1. Die behauptete Divergenz liegt nicht vor. Vielmehr hat das Finanzgericht (FG) in Einklang mit der ständigen Rechtsprechung des Bundesfinanzhofs (BFH) entschieden.
a) Nach der ständigen Rechtsprechung des BFH bestimmt sich nach Auflösung einer Kapitalgesellschaft der Zeitpunkt der Entstehung des Auflösungsgewinns und -verlustes nach den Grundsätzen ordnungsgemäßer Buchführung. Dieser Zeitpunkt ist bei einer Auflösung mit anschließender Liquidation normalerweise der Zeitpunkt des Abschlusses der Liquidation. Erst dann steht fest, ob und in welcher Höhe der Gesellschafter mit einer Zuteilung und Rückzahlung von Vermögen der Gesellschaft rechnen kann und ferner welche nachträglichen Anschaffungskosten der Beteiligung anfallen und welche Veräußerungs- und Auflösungskosten der Gesellschafter persönlich zu tragen hat. Der Zeitpunkt, in dem der Veräußerungsverlust realisiert ist, kann auch schon vor Abschluss der Liquidation liegen, wenn mit einer wesentlichen Änderung des bereits feststehenden Verlustes nicht mehr zu rechnen ist. Das ist z.B. dann der Fall, wenn die Eröffnung des Insolvenzverfahrens mangels Masse abgelehnt wurde oder die Gesellschaft bereits im Zeitpunkt des Auflösungsbeschlusses vermögenslos war (vgl. u.a. BFH-Urteile vom 3. Juni 1993 VIII R 81/91, BFHE 172, 407, BStBl II 1994, 162, unter 1.b, und VIII R 23/92, BFH/NV 1994, 459; vom 25. Januar 2000 VIII R 63/98, BFHE 191, 115, BStBl II 2000, 343, unter II.2.a, und vom 1. Juli 2014 IX R 47/13, BFHE 246, 188, BStBl II 2014, 786, unter II.1.a und b).

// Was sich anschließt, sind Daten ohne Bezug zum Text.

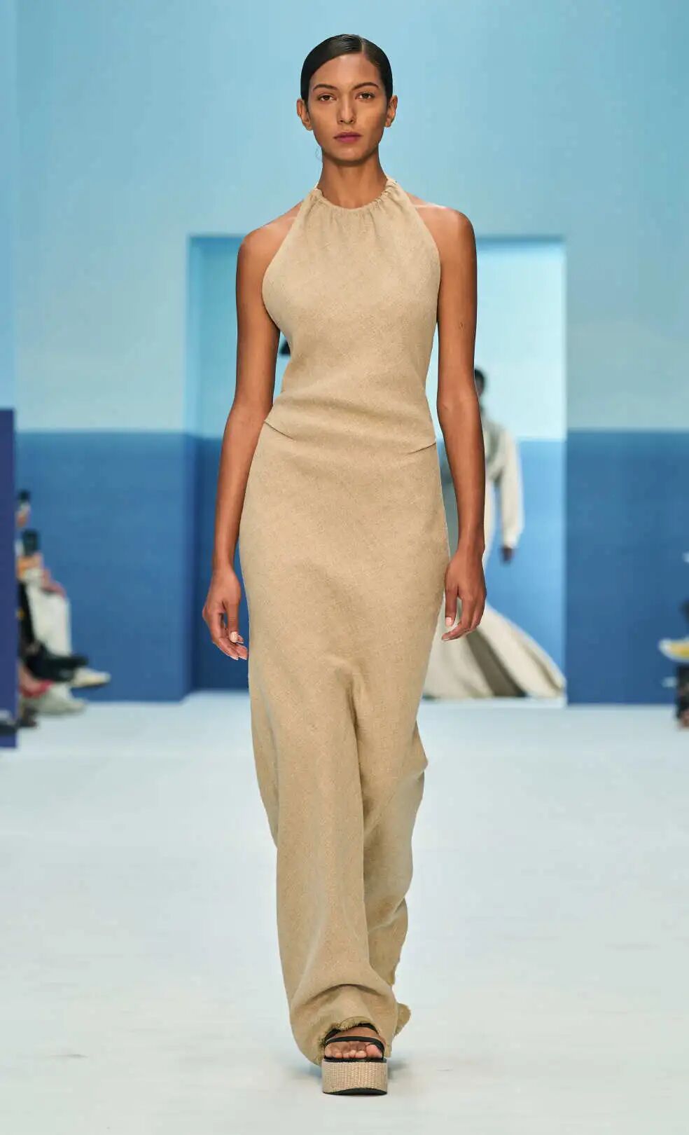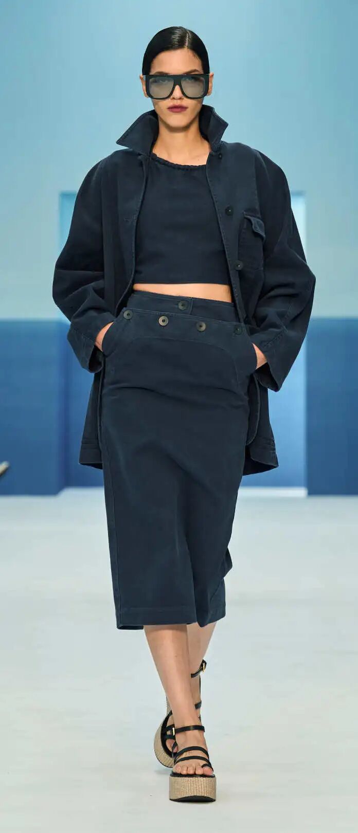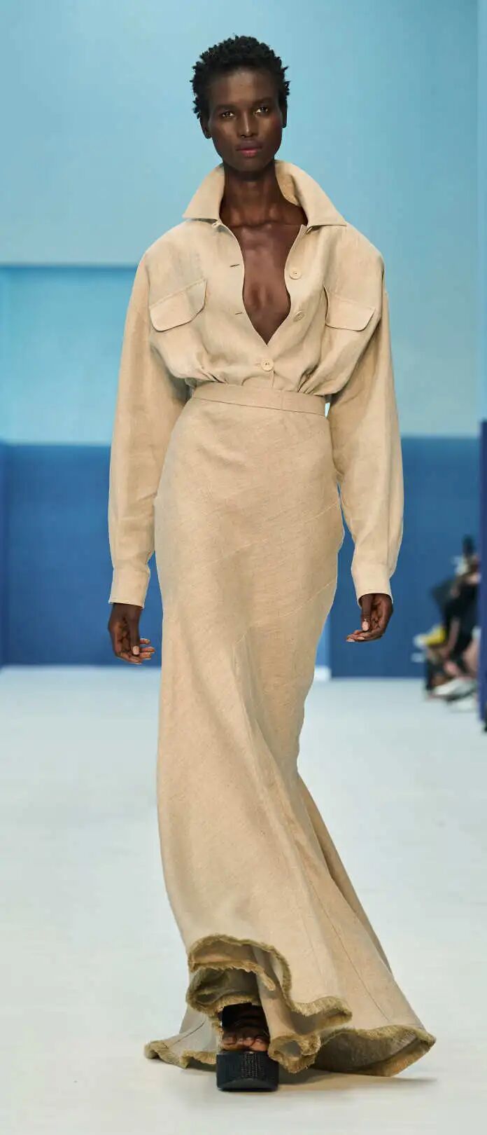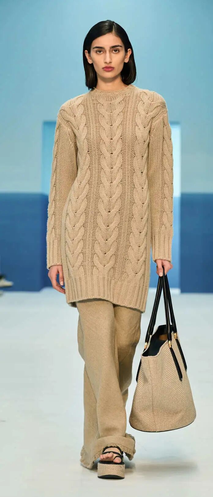 剪裁流畅的裙摆保留着流苏毛边似乎拉近了我们与自然的距离。本次Max Mara放弃丝绸、蕾丝等华丽精致的面料,让斜纹棉布和针织成为主角,造型的张力不必用复杂的廓形与奢华的面料高呼,低吟的诉说更为动人。
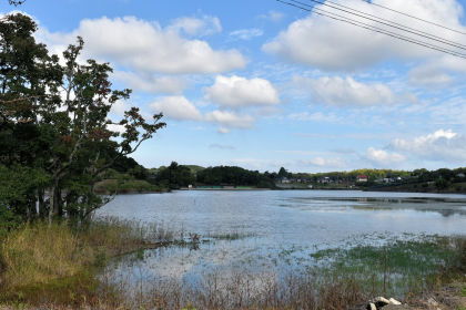 県道44号線に戻り、小倉池西岸を目指して走っていくと、左側には広い湖面が現れてきた。 やがて、目的の角地に着いたが大きな石碑は「圃場整備事業記念」だった。「ん?」、目的の自然災害伝承碑ではないが、小倉池を広く望める一等地に建っており、堂々たる石碑となっている。
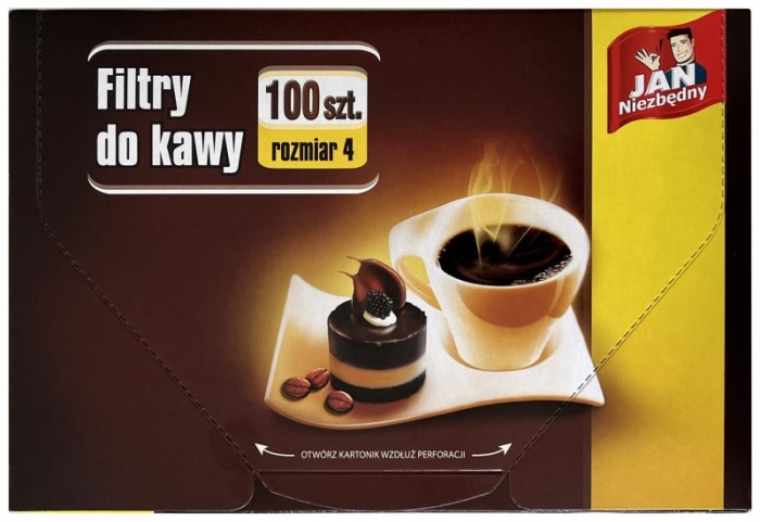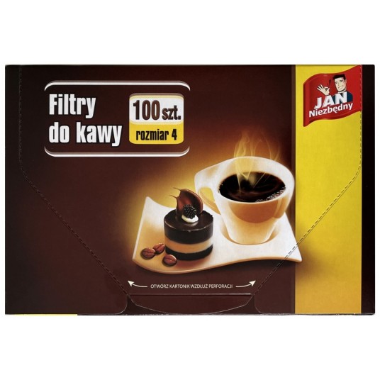 - Dzięki używaniu filtrów do kawy przygotowany napój zachowuje odpowiedni do gatunku kawy smak i aromat, jest wolny od fusów i - co najważniejsze - zawiera mniej substancji drażniących w porównaniu z kawą parzoną tradycyjnie. - Rozmiar filtrów jest dopasowany do wielkości dostępnych na naszym rynku przelewowych ekspresów do kawy. - Wykonane ze specjalnego białego papieru celulozowego o długich włóknach, który umożlwia przenikanie płynu, zachowując swoją strukturę - Zapewniają przygotowanie naparu o naturalnym smaku i niepowtarzalnym aromacie - Pozwalają na uzyskanie mocniejszego naparu z mniejszej ilości kawy - Sprawiają, że parzona kawa nie zawiera niepotrzebnych fusów - Kolor biały - Rozmiar 4 - 100 sztuk w opakowaniu
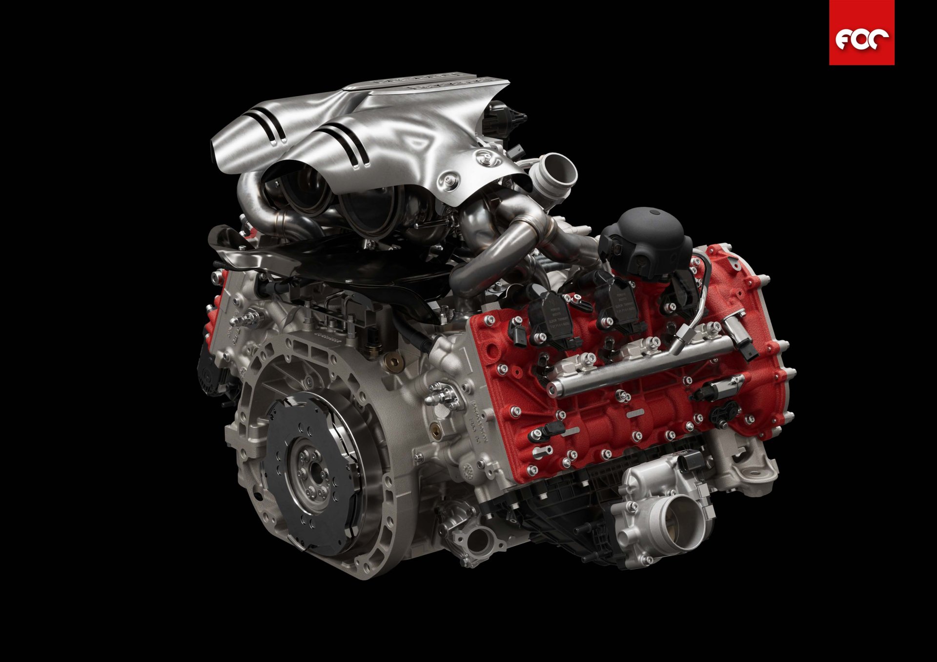 เครื่องยนต์ตัวนี้นำข้อดีจากการพัฒนาห้องเผาไหม้แบบล่าสุดของเฟอร์รารี่ที่เปิดตัวครั้งแรกใน SF90 Stradale มาใช้: หัวฉีดและหัวเทียน ร่วมด้วยระบบจ่ายเชื้อเพลิงแรงดันสูง 350 บาร์ ทช่วยเพิ่มประสิทธิภาพการผสมน้ำมันกับอากาศในห้องเผาไหม้เพิ่ม, สมรรถนะ และลดมลพิษ ท่อร่วมไอดีและไอเสียถูกออกแบบและปรับแต่งเพื่อเพิ่มประสิทธิภาพเชิงปริมาตร ทั้งยังรับประกันว่าจะได้อากาศหมุนวนระดับสูงในห้องเผาไหม้
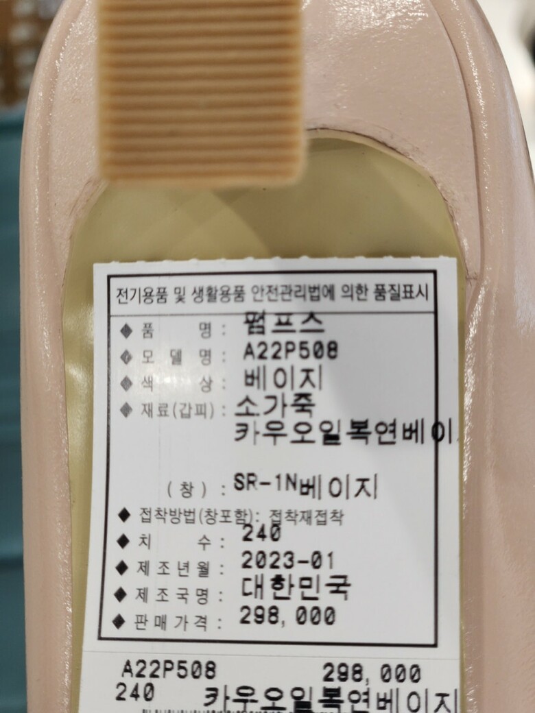 | 1. 제품 소재 (운동화인 경우에는 겉감, 안감을 구분하여 표시) | 소가죽 |
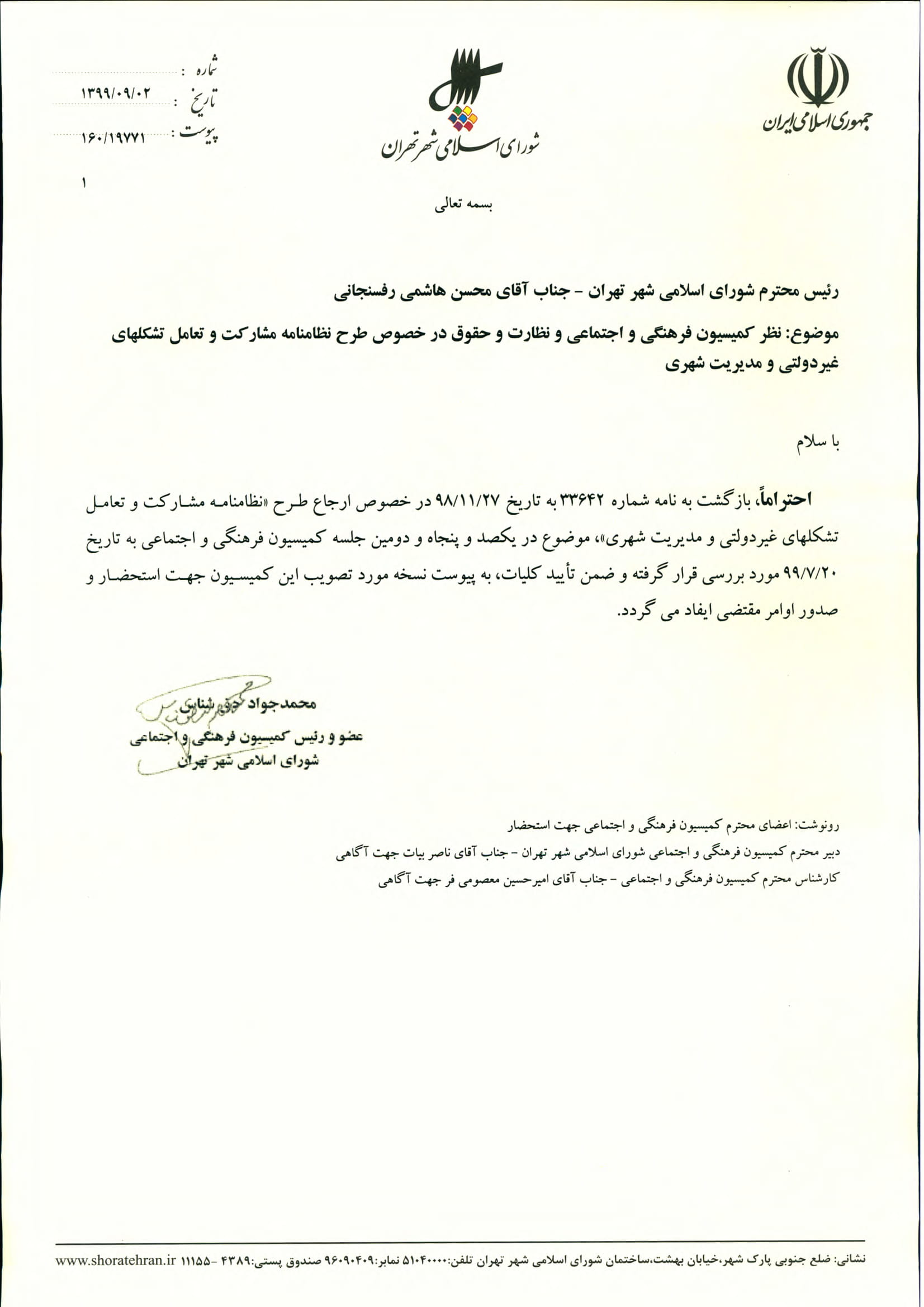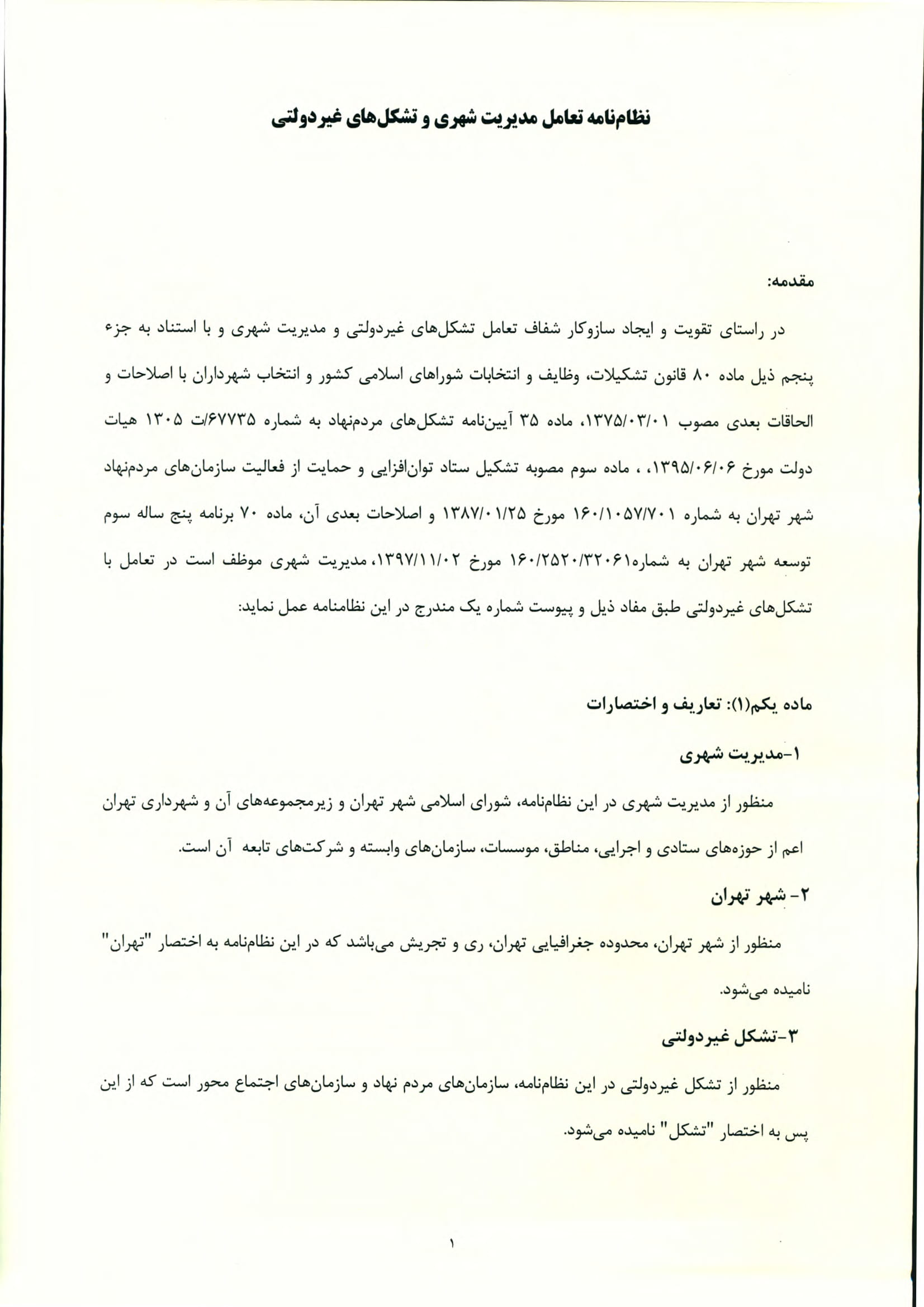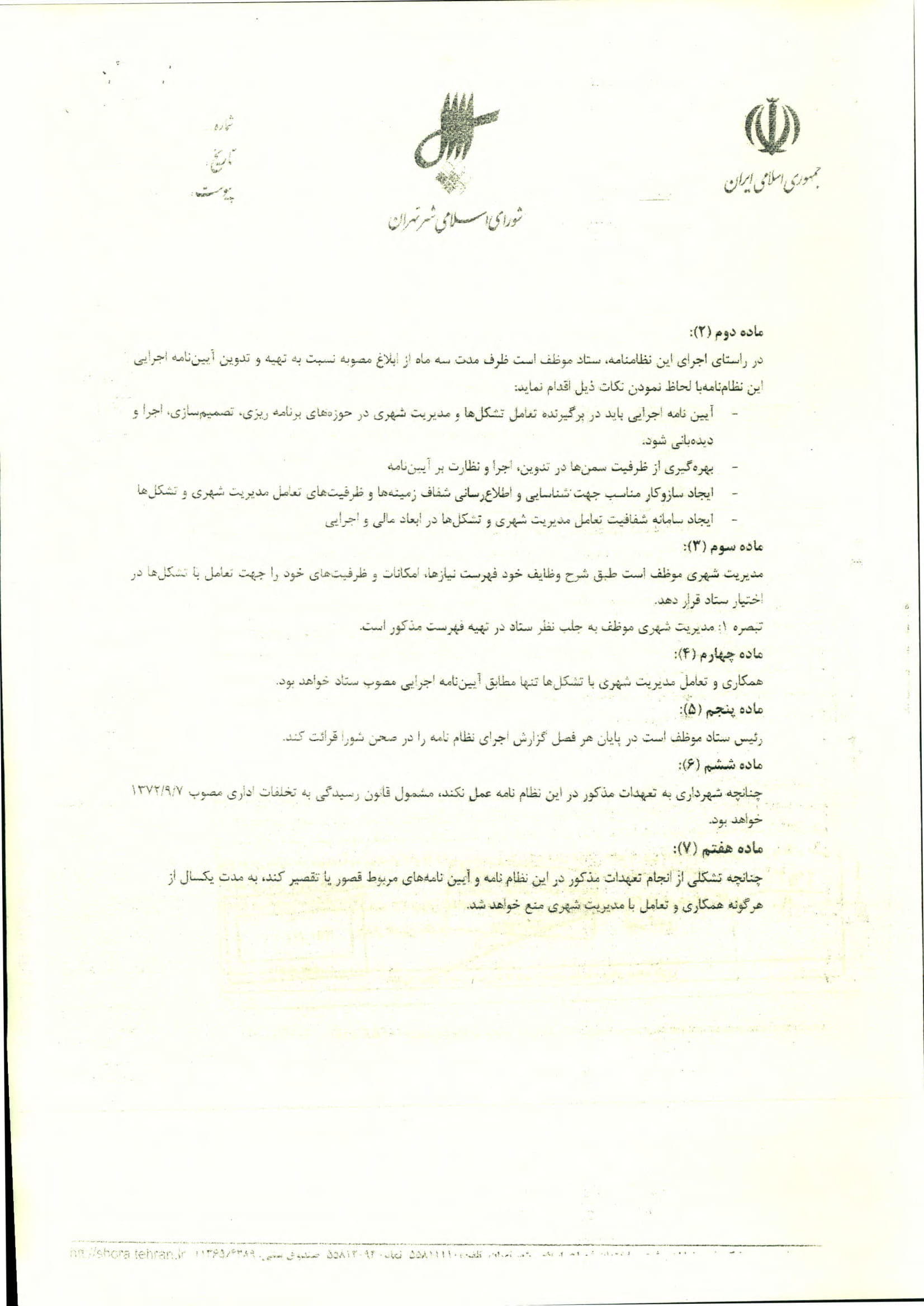 نظامنامه مشاركت و تعامل تشكلهاي غير دولتي و مديريت شهري

b) Diese Grundsätze hat die angefochtene Entscheidung des FG in ihren tragenden Entscheidungsgründen berücksichtigt. Nach den insoweit nach § 118 Abs. 2 FGO bindenden Feststellungen des FG war der Verlust im Streitjahr 2003 trotz der Ablehnung der Eröffnung des Insolvenzverfahrens mangels Masse noch nicht realisiert, weil die Höhe des Auflösungsverlusts zum 31. Dezember 2003 nicht hinreichend sicher feststand. Denn nach den Feststellungen des FG lief noch ein Liquidationsverfahren und kamen noch Rückzahlungen aus dem Gesellschaftsvermögen in Betracht. Dies gilt insbesondere im Hinblick auf den Umstand, dass seitens der GmbH bis 2008 noch Forderungen klageweise geltend gemacht worden und damit noch Zuflüsse zur Liquidationsmasse zu erwarten waren. Zudem führte der Kläger noch Vergleichsverhandlungen mit der X-Sparkasse aufgrund einer Bürgschaftsinanspruchnahme, die nicht vor 2010 abgeschlossen waren.
2. Die Rüge der Verletzung der Sachaufklärungspflicht (§ 76 Abs. 1 FGO) durch das FG greift nicht durch. Soweit der Kläger vorbringt, das FG habe im Rahmen der Sachverhaltsaufklärung das Gutachten des vom Insolvenzgericht bestellten Sachverständigen unzureichend gewürdigt, wendet er sich gegen die tatsächliche und rechtliche Würdigung des streitigen Sachverhalts durch das FG. Damit kann die Zulassung der Revision nicht erreicht werden (vgl. BFH-Beschluss vom 4. September 2009 IX B 81/09, BFH/NV 2010, 50, unter 2.b, m.w.N.).
3. Von einer weiter gehenden Begründung wird gemäß § 116 Abs. 5 Satz 2 FGO abgesehen. Die Kostenentscheidung beruht auf § 135 Abs. 2 FGO.